Euler Hermes, the world’s largest trade credit insurance provider, said in its latest regional assessment, that the sanitary crisis triggered by COVID-19 has had a dual impact on the food and beverages industry in the UAE.
The beverage segment, Euler Hermes said, suffered setbacks in a domino effect amid the slowdown of travel in the UAE and globally. Subsequent lockdowns have disrupted the steady growth of global trade and put agrifood supply chains under strain leading to a skyrocketing demand for online food deliveries, increasing the demand for packaged meals and higher local consumption.

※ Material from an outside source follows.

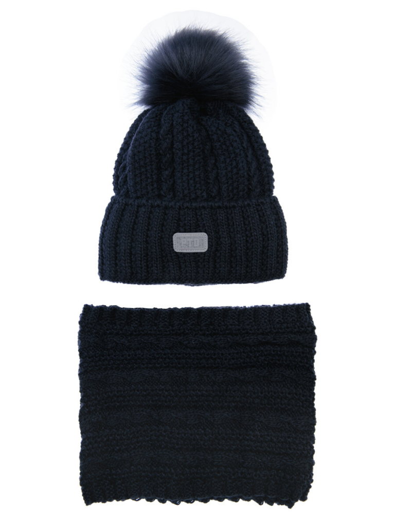 Комплект вязаный для мальчика: шапка, снуд тёмно-синий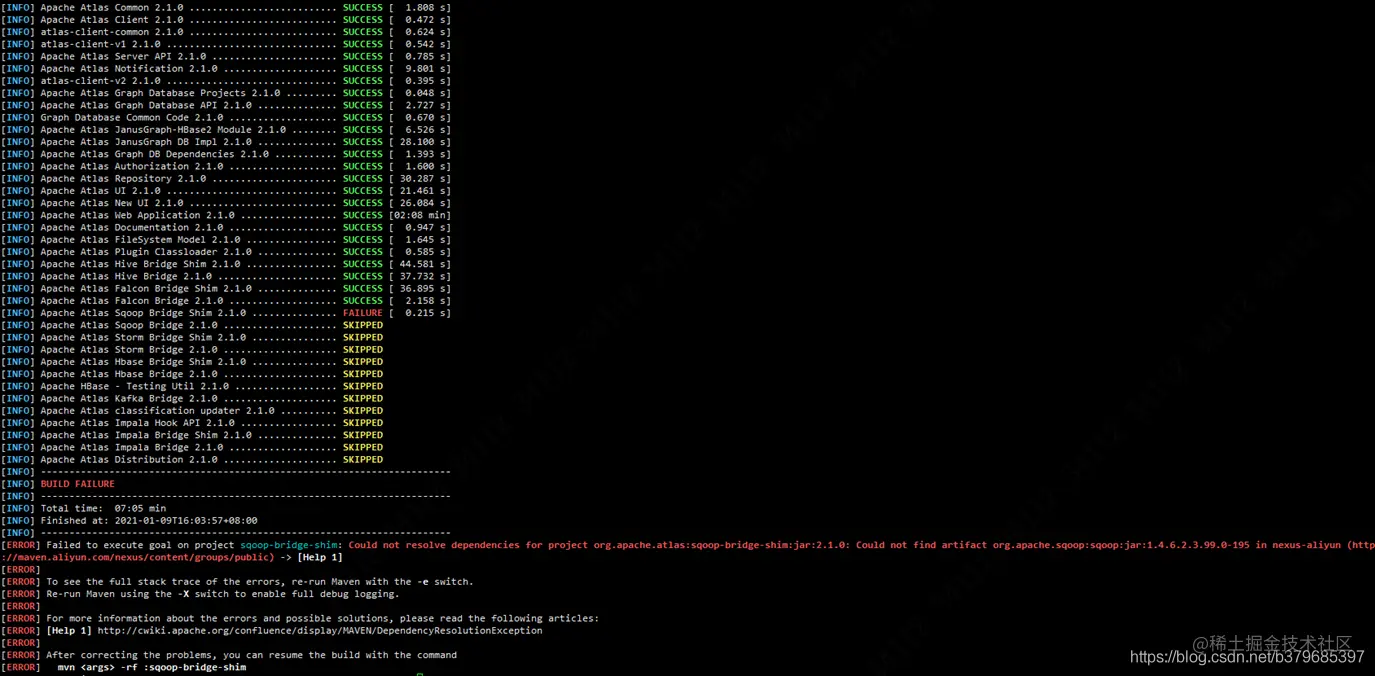 atlas编译用的sqoop.jar比较扯淡,1.4.6.2.3.99.0-195这个版本不太好找。我是用的是阿里的仓库http://maven.aliyun.com/nexus/content/groups/public下载,阿里仓库不存在该jar包。

However, HORECA’s (hotels, restaurants, catering) loss has been retail’s gain, and the sound financial performance of large food manufacturers has cushioned the pandemic’s fallout.
On regional implications, Jean Claus, CEO, Euler Hermes GCC, said that despite the disruptive developments for travel, tourism, and food supply chains amid the pandemic, the UAE and the GCC overall have fared well in relation to food supply as they had put in place food security measures well before the Sars-CoV2 crisis.

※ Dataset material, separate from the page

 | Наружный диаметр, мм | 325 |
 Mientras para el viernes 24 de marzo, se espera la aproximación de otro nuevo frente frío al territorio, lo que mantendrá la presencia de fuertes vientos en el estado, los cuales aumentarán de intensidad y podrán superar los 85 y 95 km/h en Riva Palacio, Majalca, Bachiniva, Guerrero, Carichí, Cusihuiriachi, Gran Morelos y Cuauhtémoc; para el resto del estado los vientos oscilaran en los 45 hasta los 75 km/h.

“Food supply chains are likely to be fundamentally altered in the future with more stress on shorter turnaround time, reliance on e-commerce to reach more customers, growing consumer preference for healthy, nutritious and high-quality food imports,” Claus said.
The UAE, like its GCC neighbors, relies on imports to meet food requirements with local agricultural production contributing 0.1 percent to GDP. With tourism markets cautiously reopening, the F&B industry has received some tailwinds in recent months, with Germany or China having been put on the green list of Abu Dhabi. Visitors from both the countries can enter Abu Dhabi quarantine-free.
Euler Hermes GCC has put the F&B sector of the UAE and all six GCC countries (UAE plus Saudi Arabia, Kuwait, Bahrain, Qatar, Oman) at “Medium Risk”, whereby the long-term outlook remains stable.